I am interested in the airport ride, too. When I followed the link, the description explains, “BikeLoud PDX will ride to the airport and see how this important bicycling connection can be made more accessible.”
That matches up with my previous experience: last fall I tried to ride to the airport as an excuse to check out the new bike bridge for Gateway Transit to Gateway Green, Gateway Green and the new airport path. I tried following the signs from the 205 path to the airport and I kept getting lost and having to double back. At one point, the bike lane along 82nd way ended and I had to get on the sidewalk. The ped signal at Airport Way gave me the “walk sign” to cross at the same time multiple car lanes were given a green arrow to turn across the crosswalk I was using! The whole experience was pretty depressing, and I am not sure I it is worth it to me to advocate for a better route. I would prefer to advocate for a route that would likely serve me and more more people more often, like a better route from North Portland to Downtown!
In all fairness, cycling to the airport isn’t a real use case to a fraction of a percent of people for reasons that have nothing to do with infrastructure.
You have to be an exceptionally light traveler — you have to carry all your luggage including tools and weather gear (which you absolutely need if you don’t want to run the risk that a garden variety issue will strand you)
I would say this would be a great use case for rentable e-bikes, but I wouldn’t trust them to be there (or reliable) when I need to be thousands of miles away or am working my way home after midnight.

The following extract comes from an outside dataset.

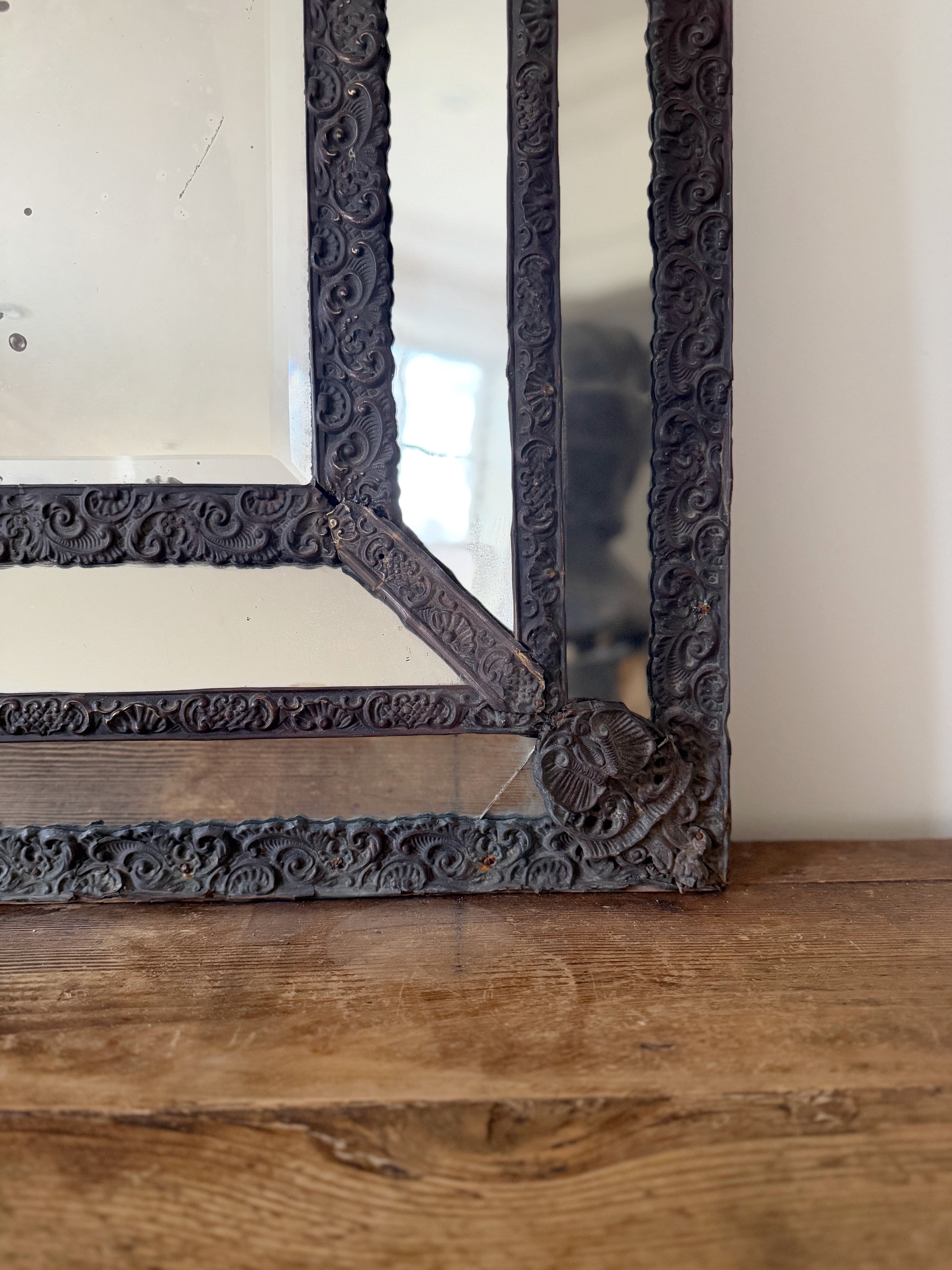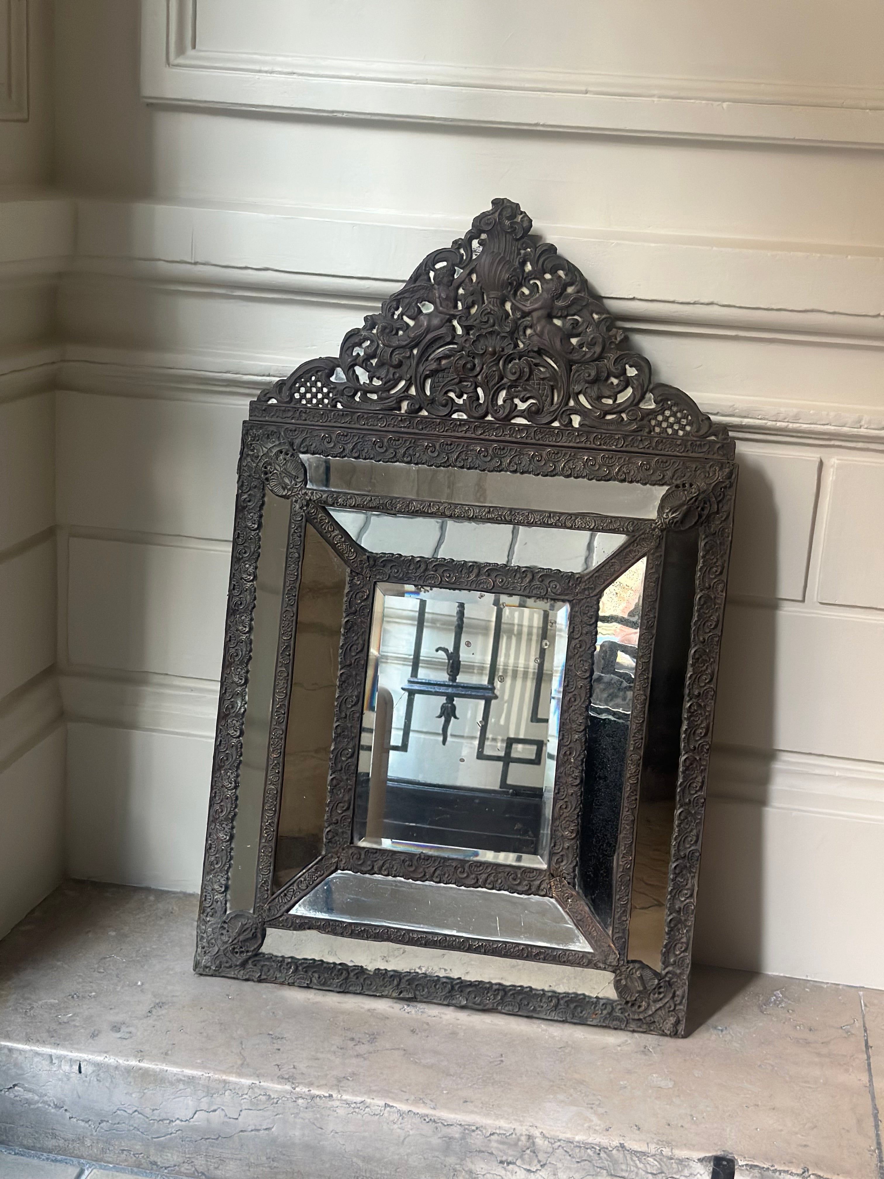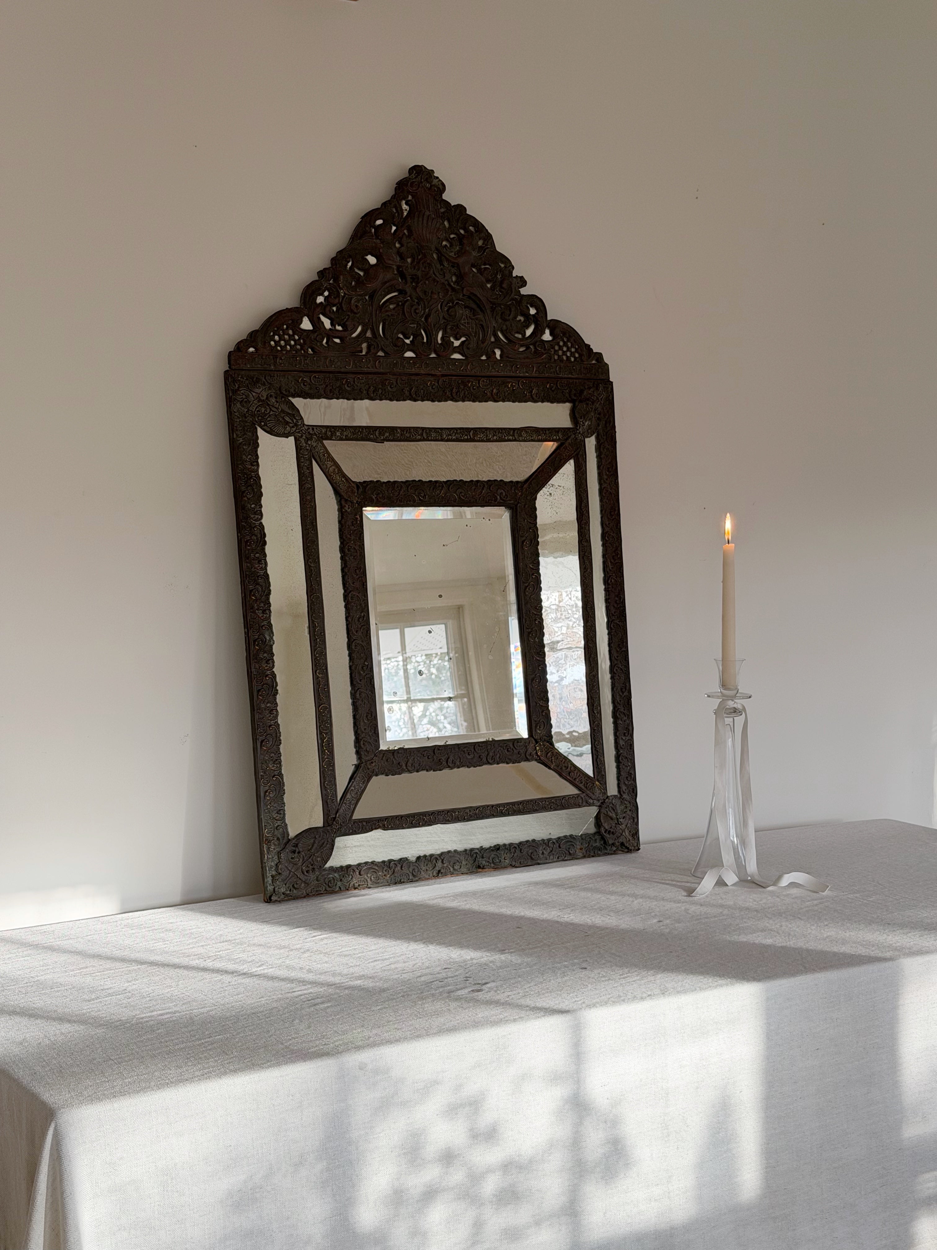 Crafted in the Napoléon III era of the late 19th century, this French repoussé mirror is a rare beauty in an unusually generous scale — especially remarkable given that mirrors of this style were typically made much smaller. Her raised metalwork — curling leaves, soft scrolls, and that sculptural pierced crest — speaks to the quiet grandeur found in rural French homes of the period.

There are some other paths in. Since you were coming in via 82nd, I think you would’ve been much happier with Cully/Alderwood, but there are still the other issues inherent to airport travel. What’s really needed is better transit — very specifically express transit
And also all the connectors and feeders that let you get from Gateway or Downtown or wherever the transit goes to the place you want to go, at the odd hours many of us fly.
Reliable transit to the airport is expensive to provide, and most people who have a choice won’t use it anyway because of the time involved and lack of control over the schedule.
I do use it, but rarely see more than a couple of other airport-bound people on the Max with me. I usually see hundreds of cars heading there at the same time, and I occasionally need to bail and take an uber because of ghost trains, delays, or missed connections.
I’m an odd bird indeed.
If someone lives along the red line, it really is the best option for the airport, but adding in a bus transfer kind of kills it as a fast option.
It would be amazing if the red line ran through the airport station, tunneling to the SW and emerging on Lombard, to then travel west to St Johns, intersecting the Yellow Line at Interstate.
Transit from St Johns (and to a lesser extent NoPo) to PDX is useless. Would love to see your proposed line happen, but pretty sure it won’t be in my lifetime.
Despite not being anti car in general — the daily/nightly clusterfarce is easily enough to convince me to seek any other way to get in/out. But I’d say that for traffic in general. No way I’d live here if I had to sit in that like practically everyone else.